(Data records)
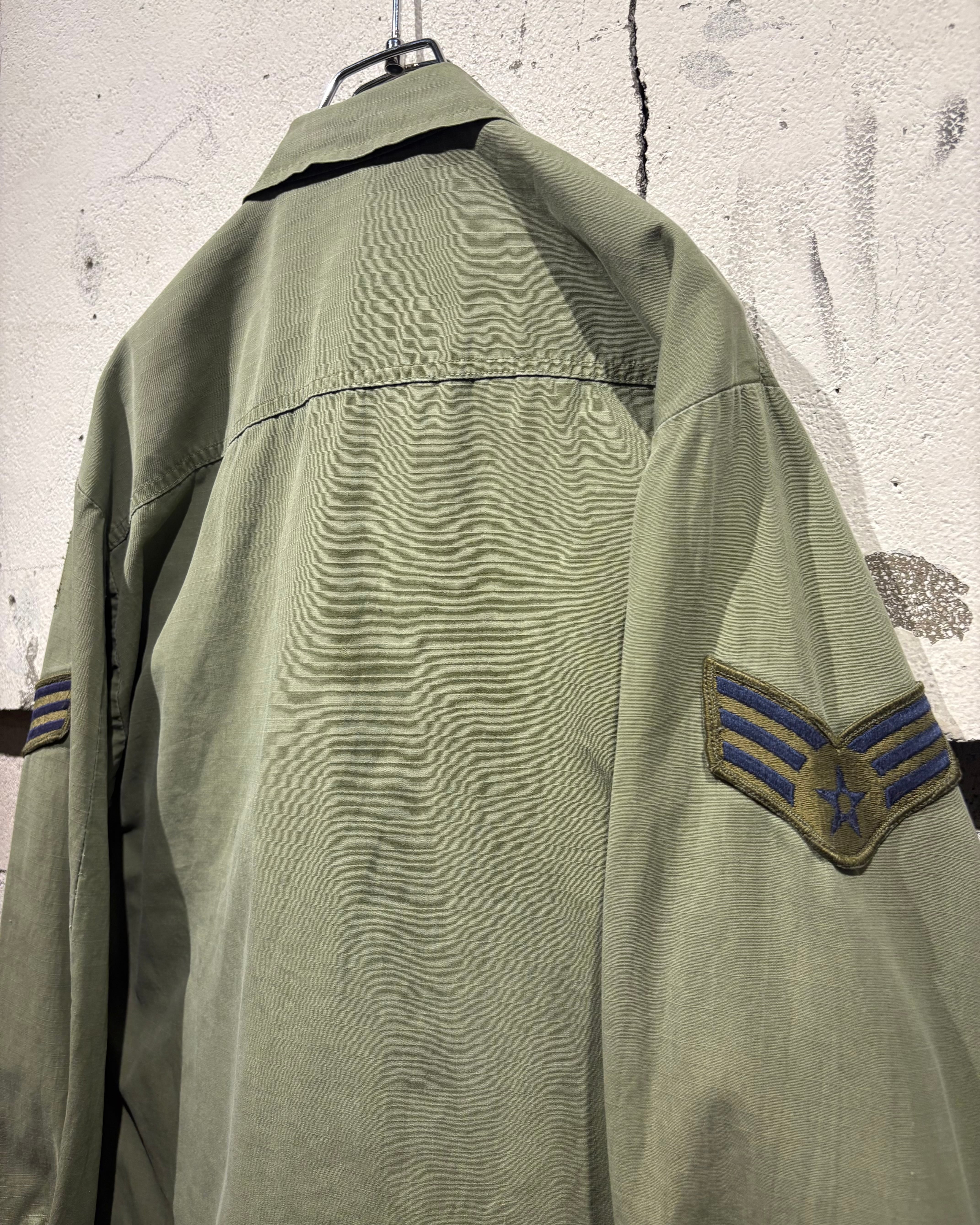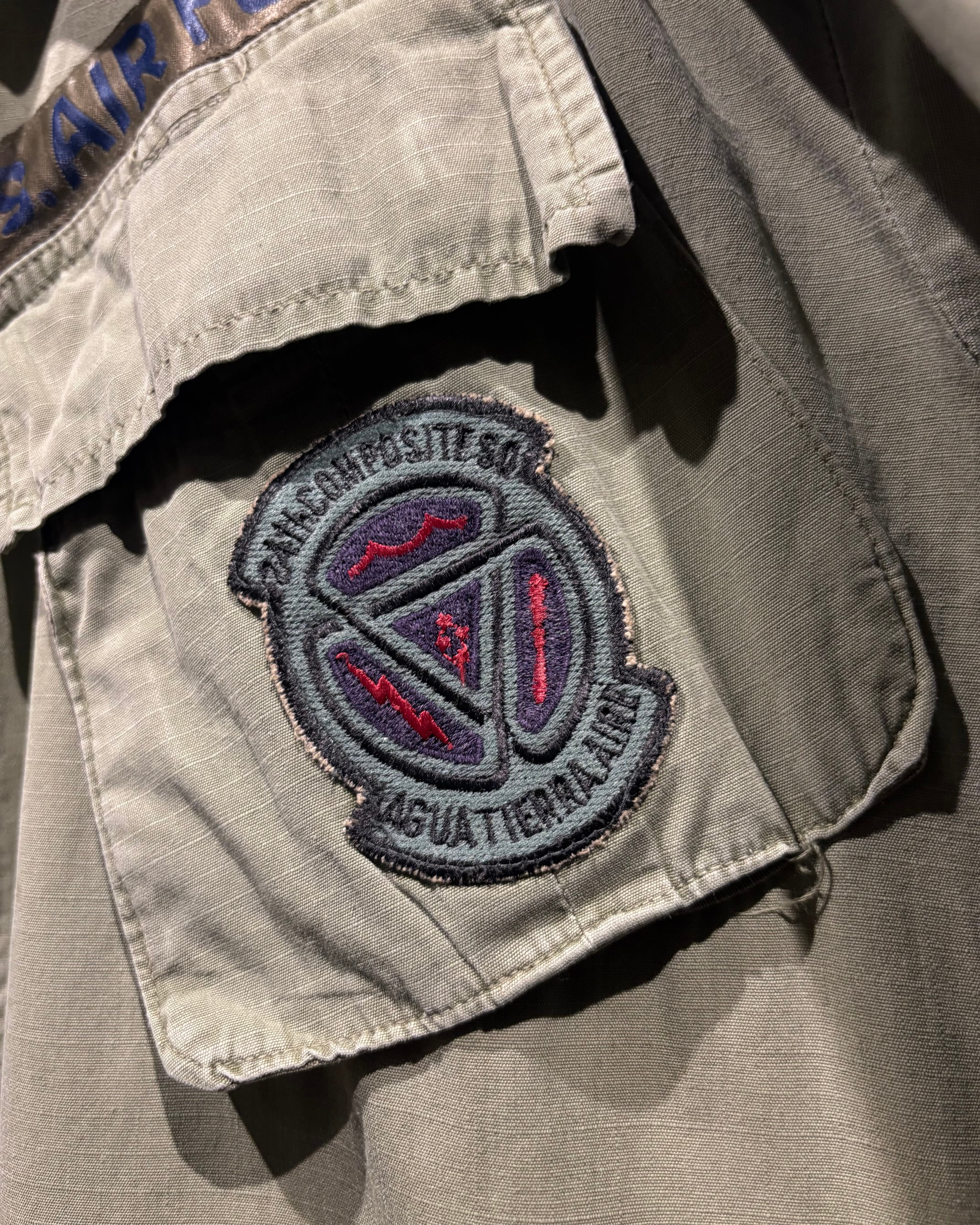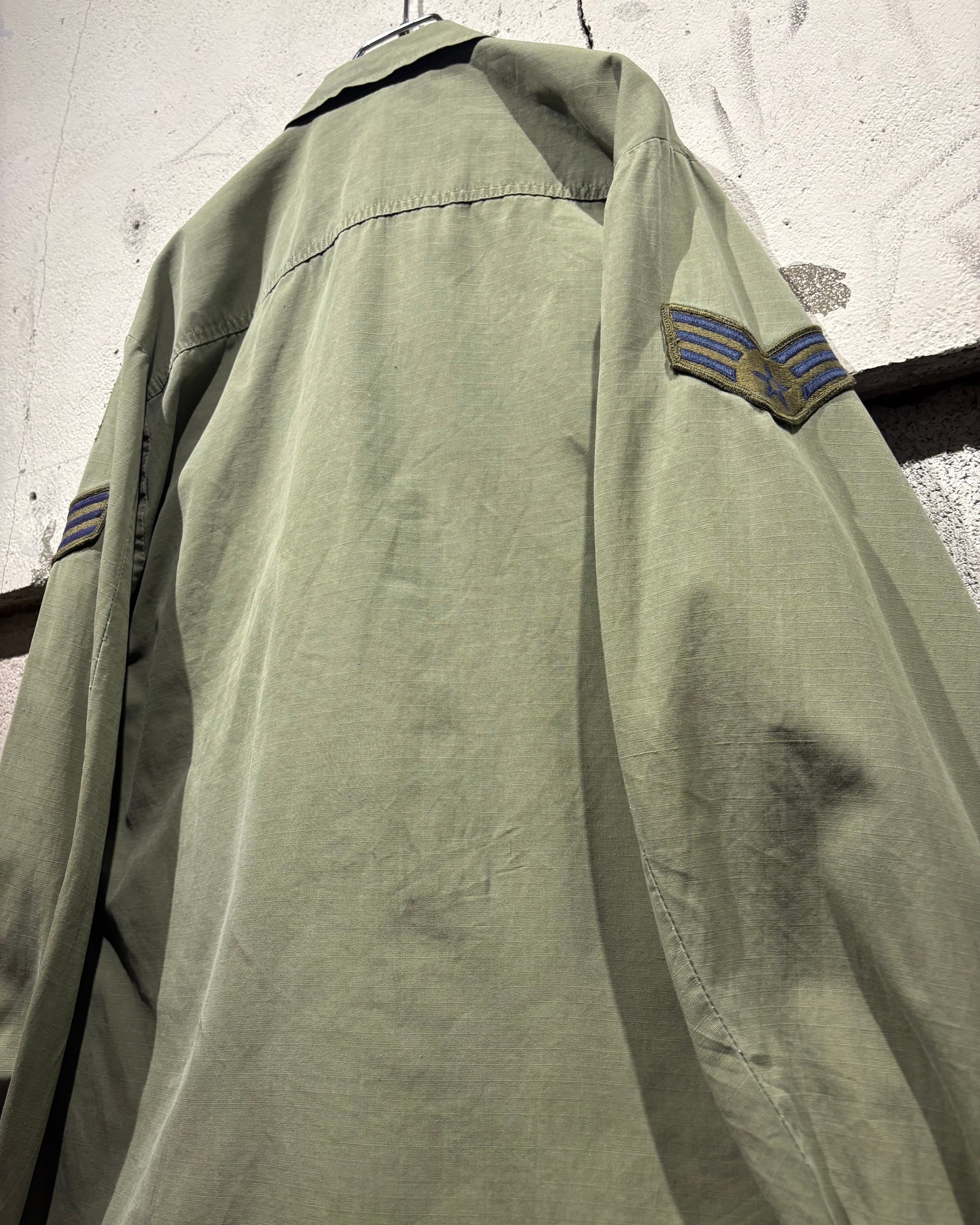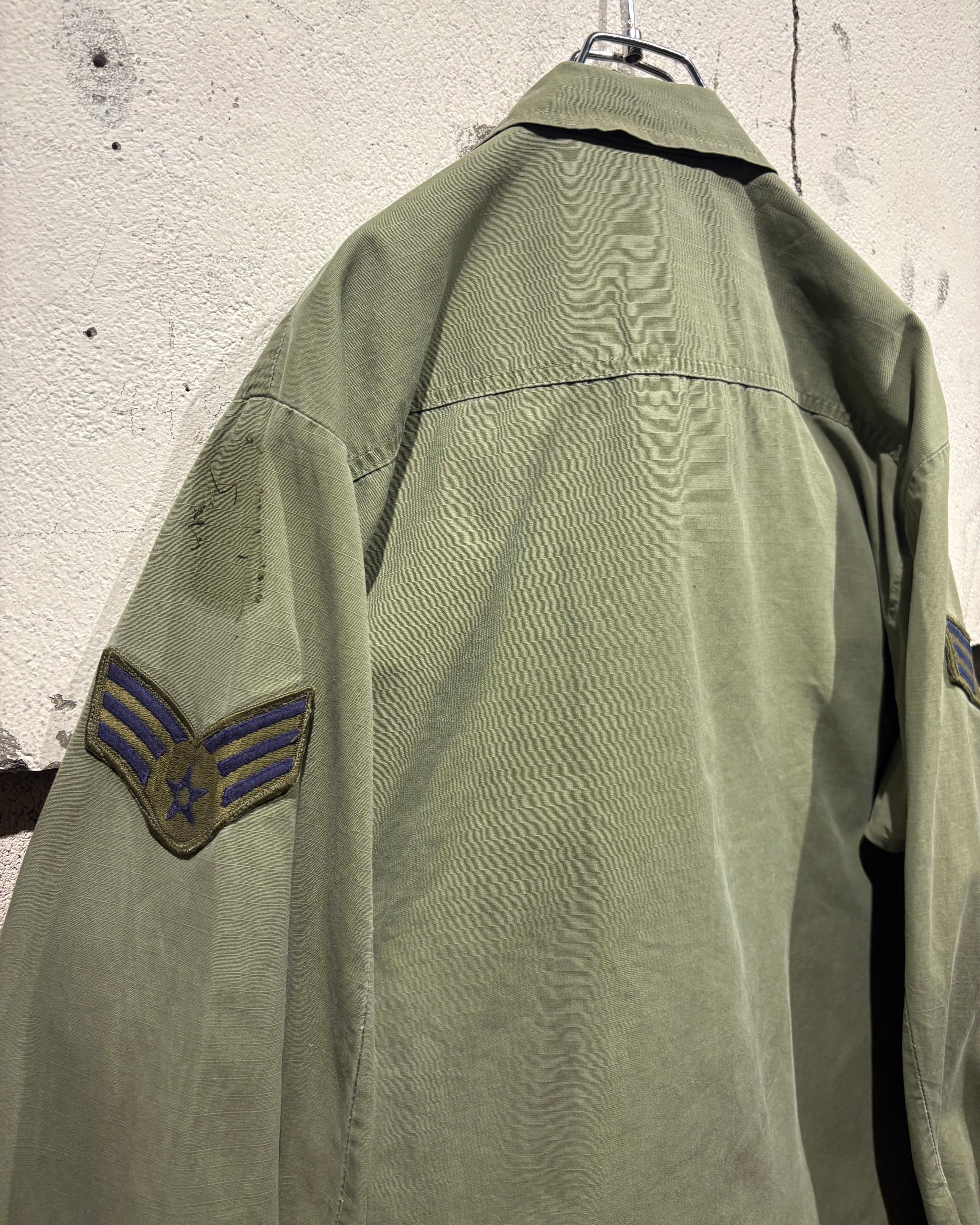 フロントには4つのフラップポケット、胸元にはU.S. AIR FORCEのネームテープ。さらに各種ワッペンやスリーブの階級章が残り、当時の背景を想像できる醍醐味も。
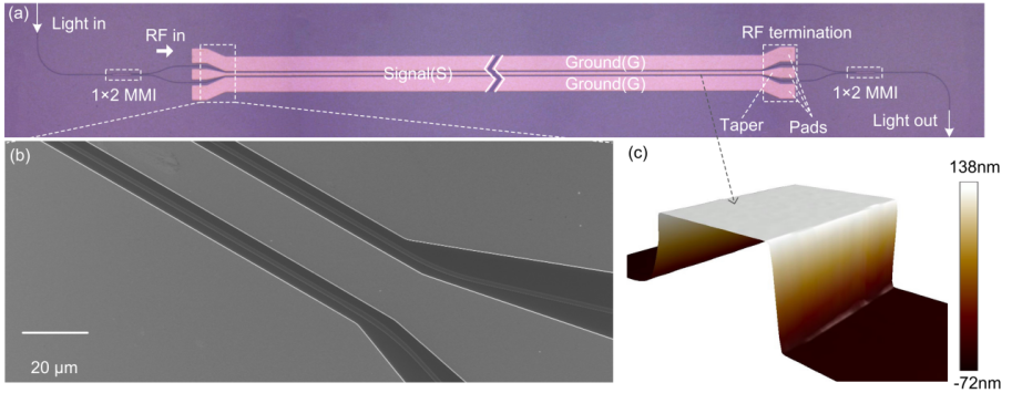 圖1 (a)鈮酸鋰薄膜電光調制器結構圖 (b)波導和行波電極的掃描電鏡照片 (c)波導的原子力顯微鏡測試圖
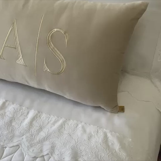 Par de Almofadas com Iniciais Married Veludo Bege Bordado Champanhe
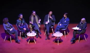 Image caption: Panellists, Lucia Pietroiusti, Haroon Mirza, Jessica Sweidan, Gus Casely-Hayford and Fiona Banner discussing the role of art in social and environmental change with moderator, Louisa Buck.
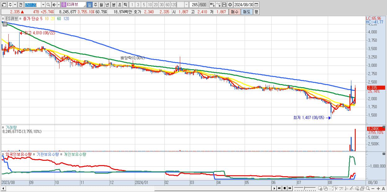 - ES큐브 (2,335원 ▲ 25.74% , 시총: 317억, 거래량: 8,245,677, 거래대금:190억)
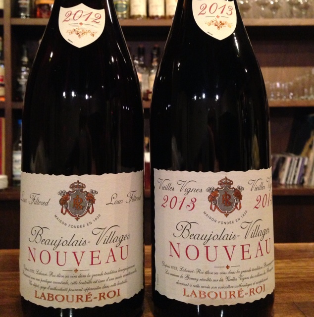 今年のボジョレー・ヌーヴォーも昨夜の0時に解禁しました。1年間、ワイン生産者の方が手塩にかけて育てた、最初のワインが頂ける嬉しい日ですね。ボジョレー・ヌーヴォーなんて大して美味しいワインじゃないでしょ、なんて興醒めな発言をする方も結構多いですが、フランスの太陽と大地に育まれて、わずか3ヶ月前まで木になっていたブドウから作られるワインだと思うとロマンがあると思いませんか?さて、今年もWineBar Wでは例年とおりラブレ・ロワ社のボジョレー・ヴィラージュ・ヌーヴォーを仕入れました。昨年の同じワインもセラーに保存してあったので比較して飲んでみました。昨年のヌーヴォーは、1年たった今でも実にフレッシュでした。色調は明るめのルビー色で透明感があります。赤い小さな果実を思わせる香りがあり、爽やかな酸があります。対して今年のヌーヴォーは気候が厳しく難しい年と言われていたにもかかわらず、色は濃く、味わいもしっかりしています。後味にはややタンニンの渋みも残ります。こうして比べてみると、毎年、ワインの味わいはかなり違っていることがわかりますね。この辺りが、ほかのお酒に比べて生産工程で人の手が入る割合の少ないワインの面白いところであり、難しいところでもあります。まさに「ワインは畑で作られる。」ということですね。ヌーヴォーよりどり6本で送料無料 (沖縄のみ820円)ラブレ・ロワ ボージョレ・ヴィラージュ・ヌーボー赤 2013 750mlブシャール・エイネ・ボージョレ・ヌーヴォ ロゼ スクリューキャップ2012 750ml / 送料240円、3900円以上で送料無料 /ブシャール・エイネ・ボージョレ・ヌーヴォ ロゼ スクリューキャップ2012 750ml【販売:便利マート】【税込3900円以上で送料無料】【楽天24】【10P13oct13_a】【RCP】2013 ボジョレー・ヴィラージュ・ヌーヴォー【予約商品】【新酒特典対象】ボジョレー・ヴィラージュ・ヌーヴォー・C.C.D.(セセデ)“キュヴェ・トロワ・メートル”[2013]年・航空便・最高金賞の匠ヌーヴォー・パルドン・エ・フィスBeuajolois Villages Nouveau C.C.D. Cuvee des Trois Maitres [2013]【Wine Bar W今後のライブスケジュール】◆11月24日(日)出演山口友也 トランペット藤谷典史 ギター吉木稔 ベースオープン 19:00スタート 19:30(2ステージ)※ストレートなジャズというより、ややファンキーな選曲中心のトリオです。チャージ ¥2000(ドリンク別)◆12月11日(水)出演八木映美 ボーカル藤谷典史 ギター田中晃二 ピアノオープン 19:00スタート 20:00 (~22:00頃まで。)※ミュージックチャージ無料※水曜ライブではおなじみの藤谷&田中コンビに若手女性ボーカル八木映美が加わってお送りするスペシャル・ライブ。◆12月15日(日)出演Yumiko ボーカル桜井俊也 ギターRIMESTONE POOLMARIX ボーカル桜井俊也 ギターオープン 17:00スタート 17:30チャージ ¥1500(ドリンク別)◆12月22日(日)出演FizPICO ボーカル桜井俊也 ギター斎藤夢 ボーカル&ギターオープン 17:30スタート 18:00チャージ ¥1500(ドリンク別)【ご予約、お問い合わせはBarWまで】ぐるなびBarW【Barブログランキング参加中。ポチッとご協力よろしくお願いします。】にほんブログ村

### What you are asked to do
Copy exactly, without pictures, the lines above from the one with "圖1 (a)鈮酸鋰薄膜電光調制器結構圖 (b)波導和行波電極的掃描電鏡照片" down to the one with "Par de Almofadas", inclusive.

### Solution
 圖1 (a)鈮酸鋰薄膜電光調制器結構圖 (b)波導和行波電極的掃描電鏡照片 (c)波導的原子力顯微鏡測試圖
 Par de Almofadas com Iniciais Married Veludo Bege Bordado Champanhe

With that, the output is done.